Amid NASA’s progress in AI research starting from ML model to predict hurricanes to partnering with Google to make quantum computing accessible, it has now developed a new AI tool to classify a cluster of craters on Mars.
The launch of this new AI tool, built on a machine learning algorithm, was aimed at helping scientists to reduce their process time of scanning a single Context Camera image. Thus, researchers from Jet Propulsion Laboratory (JPL), created this tool also called an “automated fresh impact crater classifier”, where for the “first time” researchers are leveraging AI to identify unknown craters on the Red Planet, stated by NASA, in their statement.
According to their news release, typically scientists and researchers spend hours each day studying images to understand “dust devils, avalanches, and shifting dunes,” and approximately 40 minutes to scan a single Context Camera image; however this tool will significantly reduce the processing time and advance the workflow massively.
The launch of this tool is a part of a broader NASA’s bigger effort — COSMIC — capturing onboard summarization to monitor image change that develops technologies for future generations of Mars orbiters.
How Has The Tool Been Created?
In order to train the AI tool, or also known as the crater classifier, the researchers and scientists fed the model 6,830 Context Camera images. These images are taken from the context cameras as well as those of locations with previously discovered impacts — confirmed via HiRISE.

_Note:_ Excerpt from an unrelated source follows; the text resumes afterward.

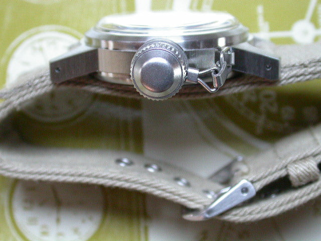 The watch has a heavy stainless steel case with a screw-on back and crown cover. The case back reads: "U.S.N. BU Ships" and the dial reads: "U.S.N BU Ships" in raised black letters. Made by Basel Design, a division of ZENO-USA. This watch also features a hardened acrylic crystal and is water-resistant to 3ATM. This watch possesses a reliable and durable jeweled ISA-1148 Japan Made Quartz Movement (battery included). The luminous blued steel hands have a large diameter of 36mm and a height of 13mm. The band is made from strong khaki cotton that measures 18 mm in width.

Once the model has been trained, the tool is equipped with 112,000 images that have been taken by the Context Camera on NASA’s Mars Reconnaissance Orbiter. The training of the model was done on a supercomputer cluster at JPL, which was created by dozens of high-performance computers that can operate in concert with one another. Such advancement will help the scientists in reducing the processing time to an average of just five seconds.
While this model development process was going on, the scientists have undergone some significant challenges, one was to figure out “how to run up to 750 copies of the classifier across the entire cluster simultaneously,” stated by the JPL computer scientist Gary Doran.
To explain it, Doran said, technically, it isn’t feasible to process over 112,000 images in a reasonable amount of time without distributing the work across many computers, and that’s why it was required to split the problem into smaller pieces that can be solved in parallel.
However though this advancement made a massive change in scientist workflow, the classifier still requires a human to check its work.
To this point, JPL computer scientist Kiri Wagstaff stated, artificial intelligence can’t replace the skilled analysis work of a scientist; however, this new algorithm can act as an assistant. “This paves the way for an exciting symbiosis of human and AI’ investigators’ working together to accelerate scientific discovery.”
MRO’s Context Camera usually captures low-resolution images covering hundreds of miles or kilometres at a time; however, this instrument can assist in locating blast marks around an impact and help them specify the location to look for.
With such an advancement in hand — August 2020 witnessed a dark smudge detected by the classifier in a region called Noctis Fossae was, in fact, the cluster of craters, confirmed by HiRISE. “The team has already submitted more than 20 additional candidates for HiRISE to check out,” stated by the new release.
According to the release, while this crater classifier runs on Earth-bound computers, the key to develop use similar classification technology on future Mars orbiters. This would help narrow down orbital imagery for scientists to investigate further and provide a complete picture of how often meteors strike Mars, stated by a Georgia Tech graduate student who worked on the classifier as an intern at JPL.
Some other scientists at JPL are hopeful with the new tool where it could offer a complete picture of meteors striking on Mars and will also reveal small impacts in areas which were undiscovered before. In fact, the more craters that are analysed, the more scientists can know about its size, shape, and frequency of meteor impacts on Mars.